Affichage des articles dont le libellé est MP Materials. Afficher tous les articles
Affichage des articles dont le libellé est MP Materials. Afficher tous les articles

vendredi 5 juillet 2019

This company is America's best chance to loosen China's grip on rare earths

By Pamela Boykoff and Clare Sebastian

Mountain Pass, California -- Less than an hour from the glitzy casinos and high-rise hotels of Las Vegas, the miners at Mountain Pass are reviving an industry that nearly disappeared from American soil. 
This is the only mine in the country devoted to rare earths, elements essential to modern electronics. Rare earths are contained in everything from iPhones to wind turbines to Teslas.
"If there's going to be an American rare earths industry, it's gonna be led by us. We're it," said James Litinksy, the co-chairman of MP Materials, which owns the mine in Mountain Pass, California.
Shuttered after the previous owner went bankrupt in 2015, MP Materials has spent two years rebuilding the Mountain Pass operation. 
Two hundred people now work at the mine site, carrying out blasts, trucking the minerals out of the mine and milling them into a powdered concentrate that is packed into dozens of white bags on site.
MP Materials say they supply about 10% of the world's rare earths, a set of 17 minerals with magnetic and conductive properties that help power most electronic devices.
The rest of the rare earths industry is dominated by China, where labor costs are cheaper and environmental standards more lax.
The market for rare earths is expected to grow substantially over the next decade as the world becomes more and more dependent on high-tech products. 
With Washington and Beijing locked in a trade dispute, some in the US government and private industry want to see the United States develop an alternative supply of these essential elements -- first to increase mining of the minerals -- and eventually develop refining and production.
This Chinese dominance of such an important commodity has raised alarm bells in the Trump administration, particularly the defense department, which requires rare earths materials to build things like fighter jets, missile defense systems and satellites. 
Chinese state media stoked such concerns in May, when it hinted the country could restrict access to rare earths as a weapon in the trade war. 
Chinese dictator Xi Jinping even paid a personal visit to one of the country's high-tech rare earths processors.
"The Chinese have wanted to cultivate that dependence and use it as a lever, and so I don't think it's any surprise that they are considering using it more dramatically," said Eugene Gholz, associate professor of political science at the University of Notre Dame and former Pentagon senior adviser.
The Defense Department says its working with President Donald Trump, Congress and industry to try and mitigate US reliance on China for rare earth minerals.
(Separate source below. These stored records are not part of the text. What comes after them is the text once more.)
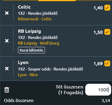 A Celtic Glasgow aranyérmes reményeit alapozná meg, az RB Leipzig és az Olympique Lyon pedig Bajnokok Ligája-szereplést érő pozícióját óvná. Szépet kaszálhatunk vasárnap ezekkel az ambíciózus topcsapatokkal.
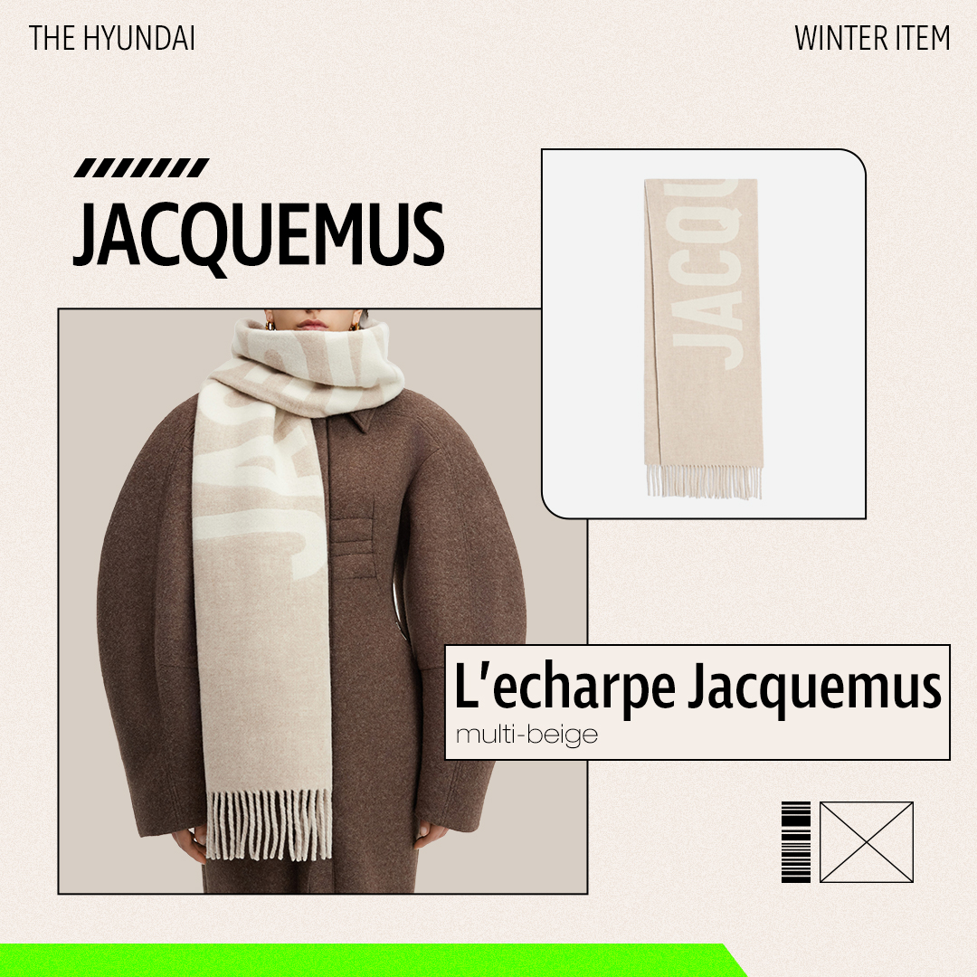 자크뮈스의 스카프는 베이지 바탕에 아이보리 컬러의 로고 플레이가 더해진 아이템입니다. 로고가 볼드하게 삽입되었음에도 톤온톤 디자인으로 오히려 고급스러운 분위기를 연출해 주는데요. 차분한 무드의 베이지 컬러로 다양한 컬러의 아우터에 매치하기 좋으며, 우아하면서도 클래식한 매력을 강조할 수 있어요.
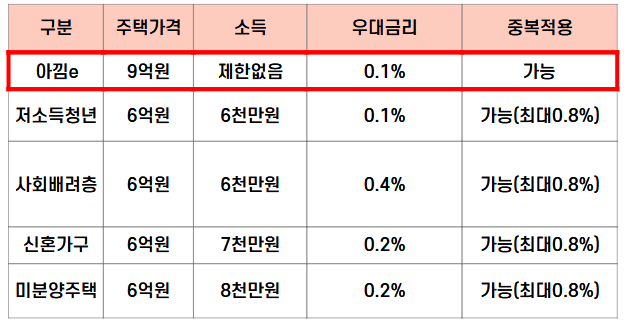 - 주택가격 9억원 이하
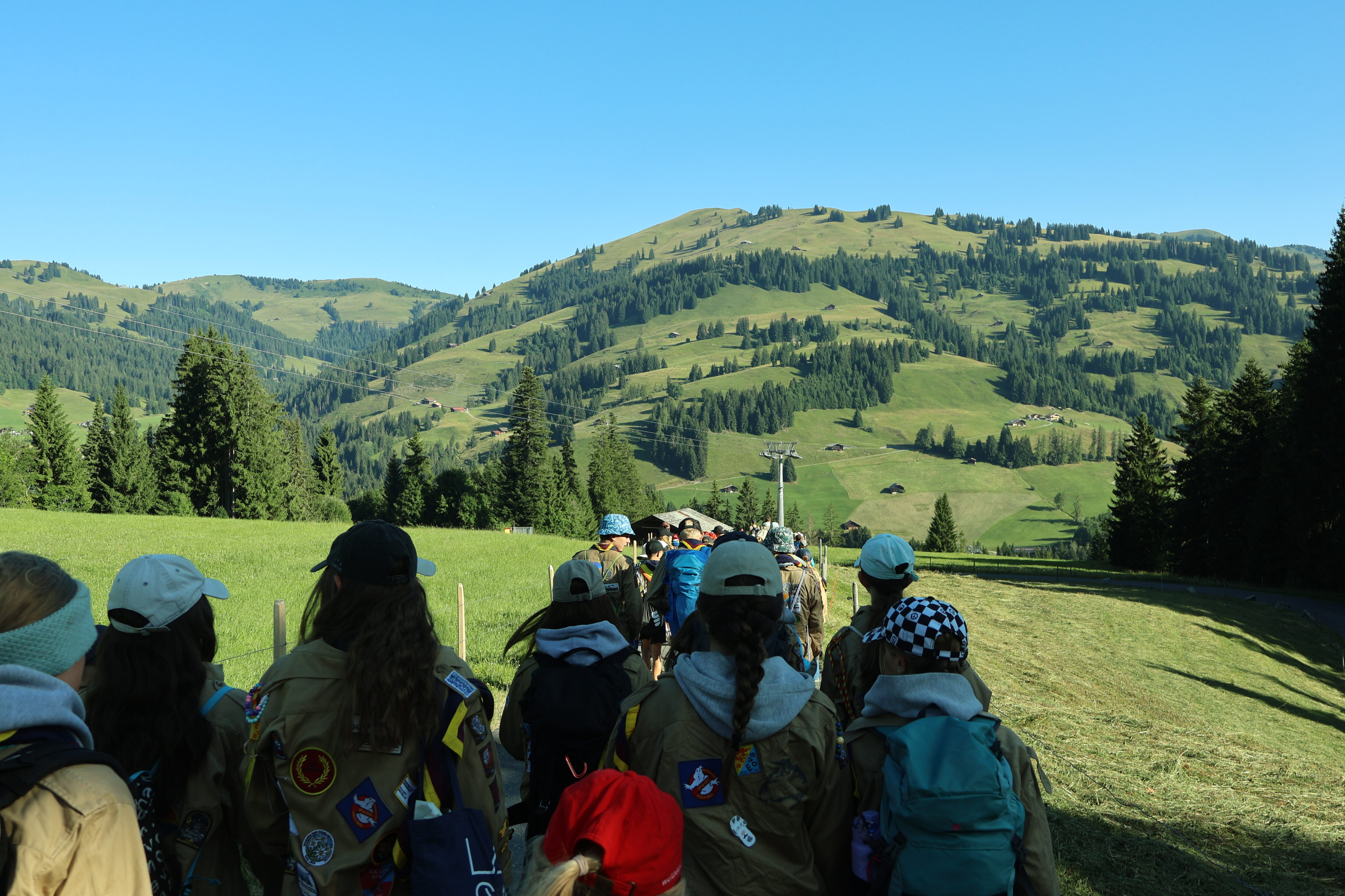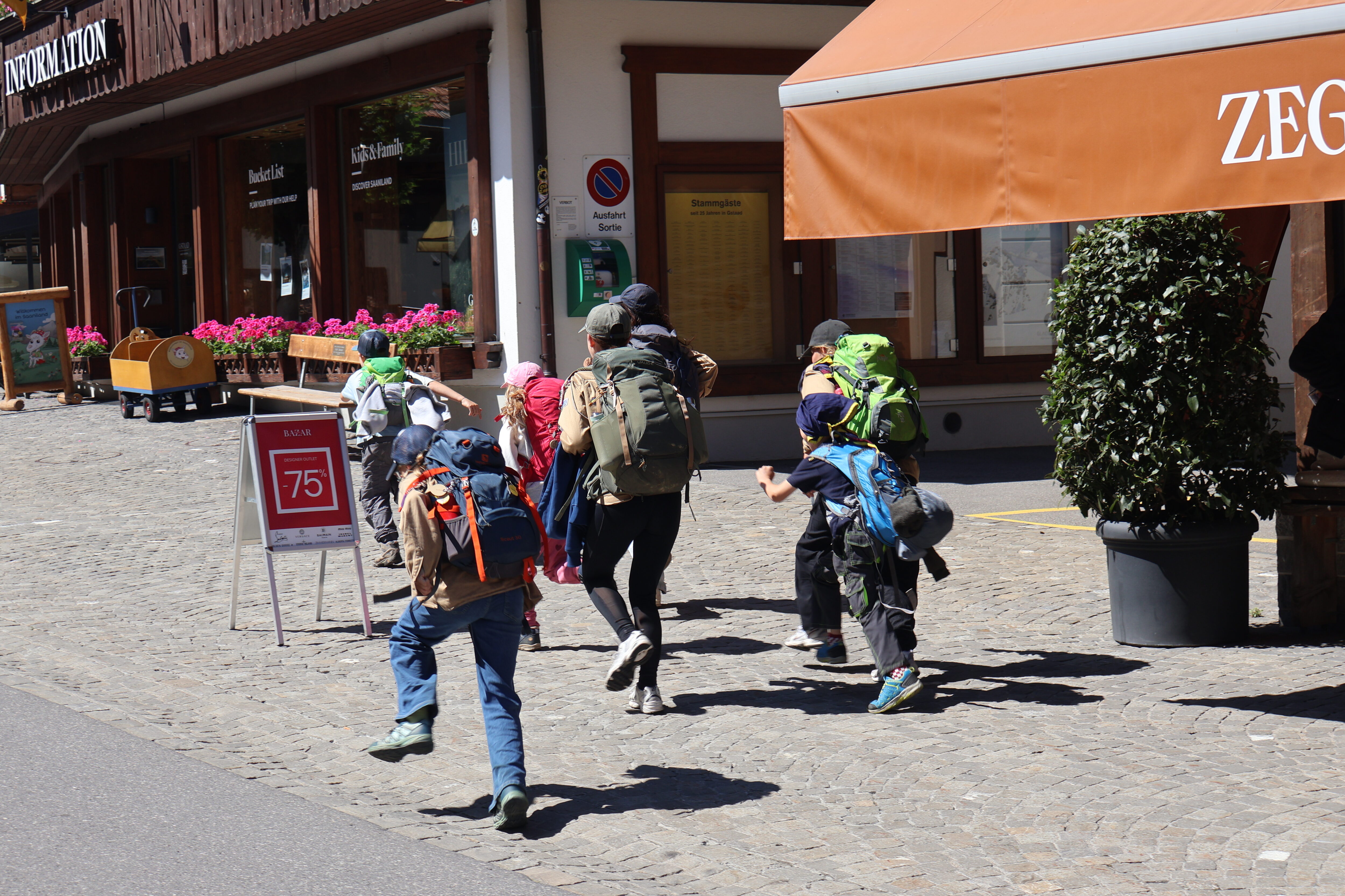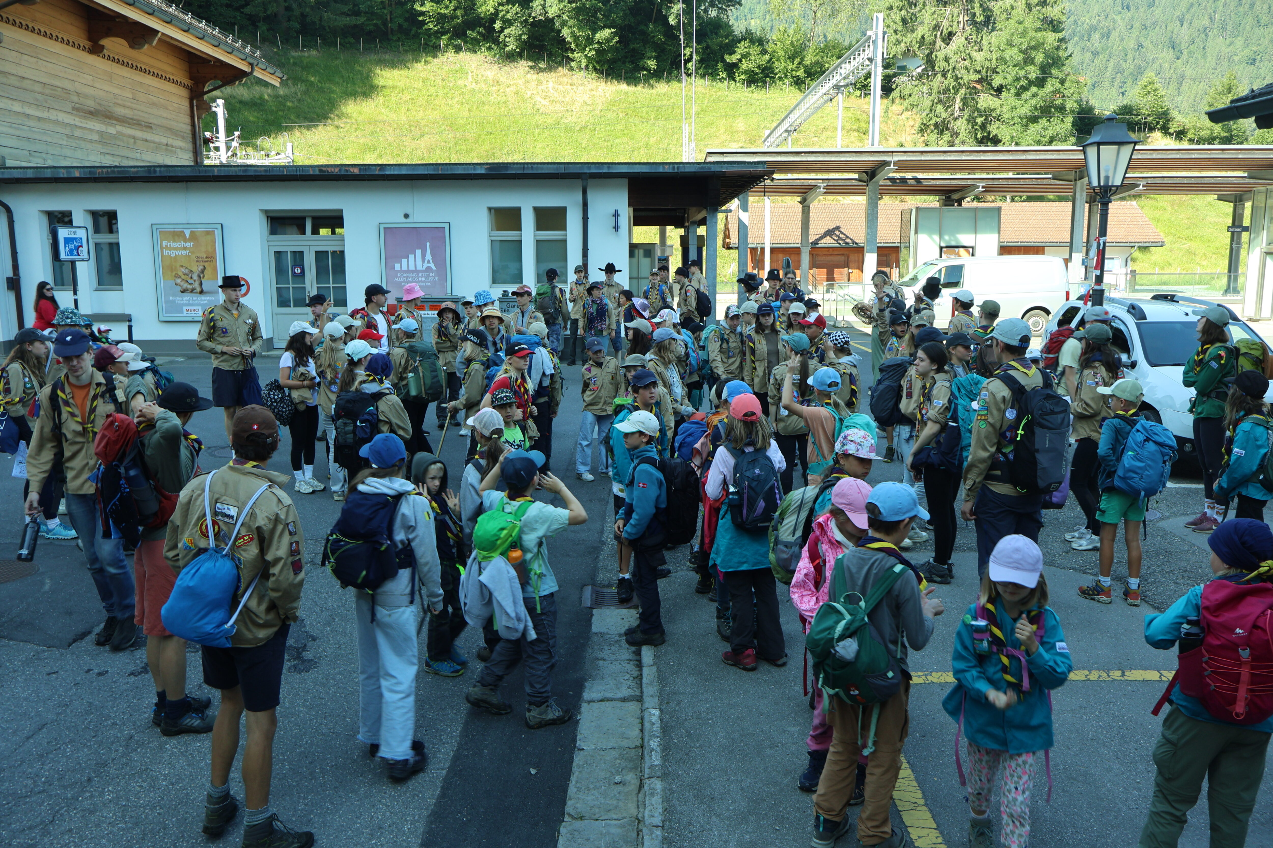 Wir beschlossen, ihm zu folgen, und machten uns sofort auf den Weg. In den drei reservierten Waggons unseres Dampfrosses fuhren wir gemeinsam mit der Pfadistufe in Richtung Gstaad. Dort angekommen, warteten drei Gehilfen des Sheriffs auf uns und erklärten, dass sich die gesamte Diebesbande von Averell im Dorf herumtrieb. Aber Obacht, wer ihnen begegnete, musste mit üblen Konsequenzen rechnen. Zum Beispiel zehn Hampelmännern. Im Dorf hielten sich aber auch einige Freunde und Bekannte des Sheriffs auf. Sie wollten uns helfen, den bösen Averell zu schnappen.

The pit at the MP Materials' Mountain Pass mine in California. It's the only operating mine in the United States that provides rare earths, ingredients that are key for producing high-tech products like cell phones and electric vehicles.

It's easy to see how Mountain Pass could be central to this effort. 
Experts say the site contains one of the world's highest quality deposits of this type of material, with a high proportion of naturally occurring rare earths and little of the radioactive elements that can make this type of mining dangerous or environmentally damaging. 
The mine started operations in the 1950s by producing europium, which was used to make red colors in early televisions.
The trouble is that Mountain Pass currently has no ability to separate the rare earths into the type of products required for technological supply chains. 
All of its final product is exported back to China for processing.

Building capacity
Experts say this step is the true impediment to diversifying the supply chain. 
"Mining and concentration is actually one of the easier steps," said Roderick Eggert, an economics professor at Colorado School of Mines. 
"The real challenge is actually downstream in separations."
A US defense official told CNN Business that the Pentagon expects to soon receive additional authorities and resources from the Trump White House to begin developing non-China rare earth refinery options, with a focus on building up capacity within allied countries.
James Litinsky believes Mountain Pass is up for the challenge. 
He says the site will have its own separations facility operating by next year, allowing them to make rare earth oxides they can sell directly to global companies
They are taking advantage of $1.7 billion the previous owner spent to upgrade the site and make it environmentally friendly before abandoning it in the bankruptcy, including building a massive separations facility that currently sits unused. 
A minority non-voting stake in MP Materials is owned by a Chinese company that is listed on the stock exchange in Shanghai.
Someday, Litinsky hopes his company may be able to carry out the entire supply chain, from mining all the way into production of miniaturized magnets, motors and other rare earth products that go directly into consumer goods. 
Right now, nearly all of that final step is done in China or Japan.
He said the trade war between Washington and Beijing provided an additional impetus for the company to achieve its goal of creating "a real Western allied super major" -- an alternative supply chain to the current one monopolized by China.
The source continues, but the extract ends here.